Something I didn’t notice until after the publication of The Moon Cracks Open: A Field Guide to the Birds is the prevalence of Coyote dancing through those pages. I think, somehow, he and Crow are the two main characters of this story. I was already aware of Crow’s stature in my writing (he will show up in poems about anything — always an unannounced yet welcome guest). But Coyote is different.

At first, only his voice appears. He himself remains hidden. He’s heard first in “Federico Garcia Lorca Reminds me of Robert Frost,” a poem that seems to speak to the frailty of a life lived isolated from nature:

” … When a coyote knifes the darkness
you think of sirens …”

And then, nearly a dozen pages later, in “Southeast of Red Shirt”:

“… Coyote’s song rings in my ear
like the afterglow
of a lightning flash …”

In both poems, his voice comes at night, as a knife and as lightning. Both cutting the fabric of the darkened sky. But when we finally see him in the flesh, it is in the light of day:

“… They trick the sun as
Coyote tries to
but always gets distracted
by his own dancing shadow
(These being shadow, have none) …”

Here is being compared to his counterpart, his opposite, his double: the Crow. They spin around each other like the Yin and Yang elements of the Taoist symbol. Coyote is of the night, but brings day with his lightning flash. Crow is of the day, but made of night. Together they turn the wheel of the sky around the world.

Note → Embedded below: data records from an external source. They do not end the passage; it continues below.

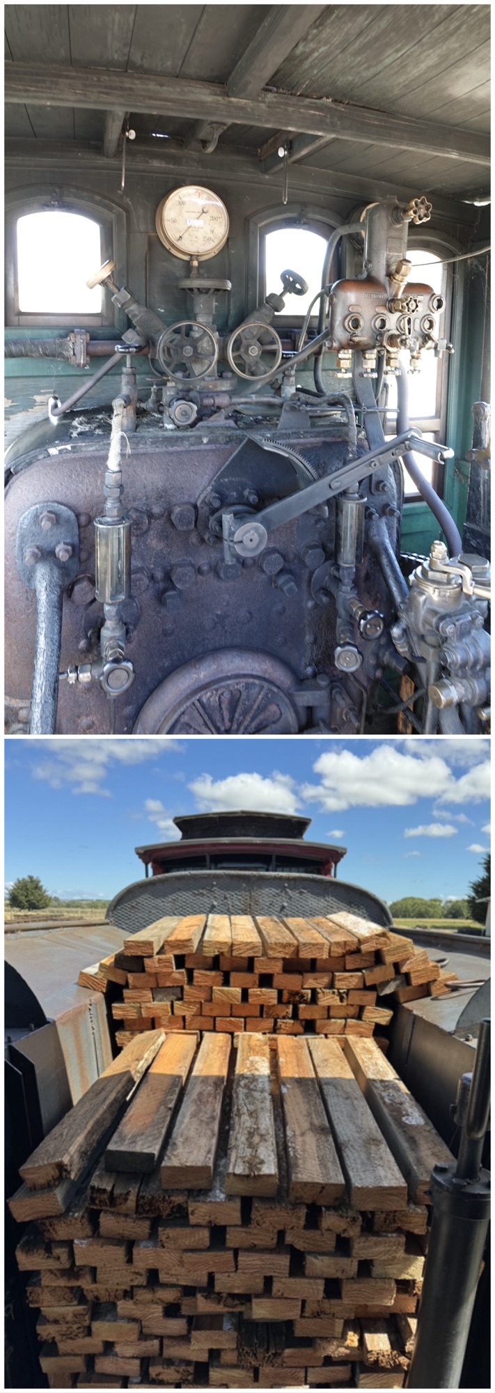 In 1926 these majestic locomotives were declared redundant/obsolete, so they were included with other “scrap” metal vehicles and farm equipment that was toppled gently off a temporary line built beside the rail/road bridge between Mossbank and Te Anau to prevent the rail line from being undercut by the adjacent glacial river. With each flood after that gravel accumulated on the metal, so that by 1985 it had disappeared under stones and mud, and willows were growing through the ruins. Fortunately the mud kept oxygen off the metal, preventing much of the rust. The braided river had also changed course by then, so permission was received to dig the Flyers out, with the newer less rare steel locomotives simply left there.
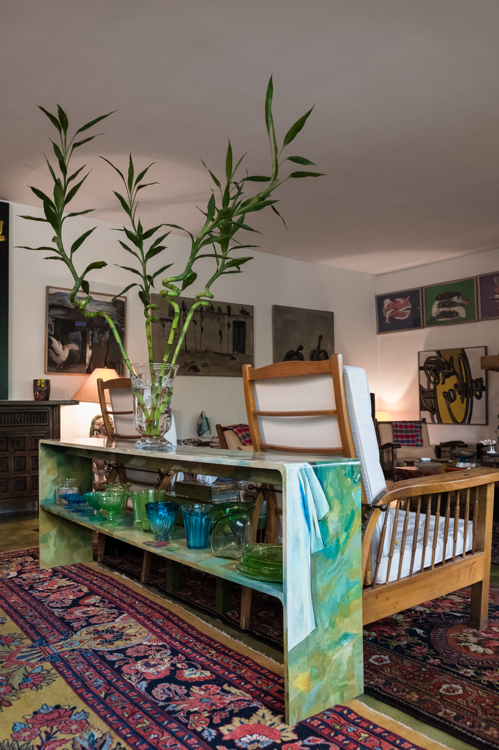 Was she ever afraid of anything? “The war; the bombings,” she responds, raising her head to the sky above her terrace. But she always remained fiercely loyal to her home country, including the obstacles and advantages that living here brings. “We’re staying to keep everything in our hands; we’re not going anywhere,” she says, referring to those who stayed in Iran after the revolution. Golestan initially supported the revolution and its successful efforts to overthrow the country’s monarchy and the ouster of Iran’s king, Shah Mohammad Reza Pahlavi. Her support didn’t last with the death of supreme leader Ayatollah Khomeini, following which “the country went the wrong way,” due to corruption. Nostalgia is not her thing, though. “The past is the past and it’s finished. I’m going to move forward. I will stay and I will work,” she says. And she is busy: Golestan Gallery is booked up until 2021, with one new exhibition opening every Friday, all featuring Iranian artists. “It’s a very strange country, with very strange people. Unpredictable, but very lovely. Challenges are interesting to me. When I go out of Iran, I get bored.”
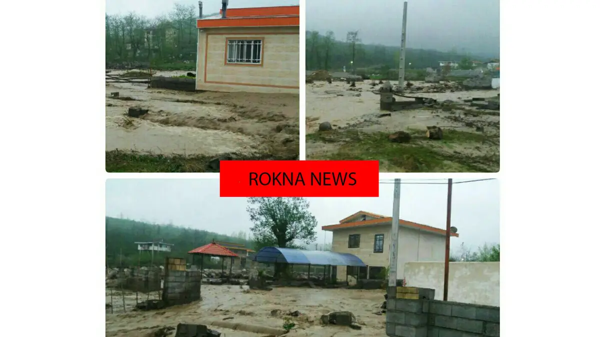 رکنا: بارش شدید و طغیان رودخانه ابتدای جاده دوهزار در تنکابن، احتمال تخریب منازل وجود دارد.
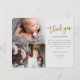 Este Cartões de agradecimentos Photo Collage Baby Script 3 apresenta um obrigado de caligrafia manuscrito em ouro moderno, e uma mensagem pessoal na frente. Clique no botão personalizar para personalizar este design com suas fotos e detalhes.
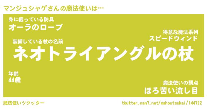 | 女子向けラノベタイトル風あだ名 | 『マンジュシャゲ姫と円卓の騎士』 |

The final time we see Coyote, he is bringing day back into night; continuing the endless cycle of birth/death/birth. In “The Illness of Windows,” a northern junco has died by flying into the window near our feeders at Green Point Nature Center. The idea is that it is our human weakness that necessitates buildings, and therefore windows; and if it weren’t for this weakness, this illness, the bird would still be alive. But coyote enters at the very end of the poem to remind me that forms change, but Essence is eternal:

“… I place the stiffening body on the grass,
deciding against burial:
the coyotes, at least, have a love of glass.”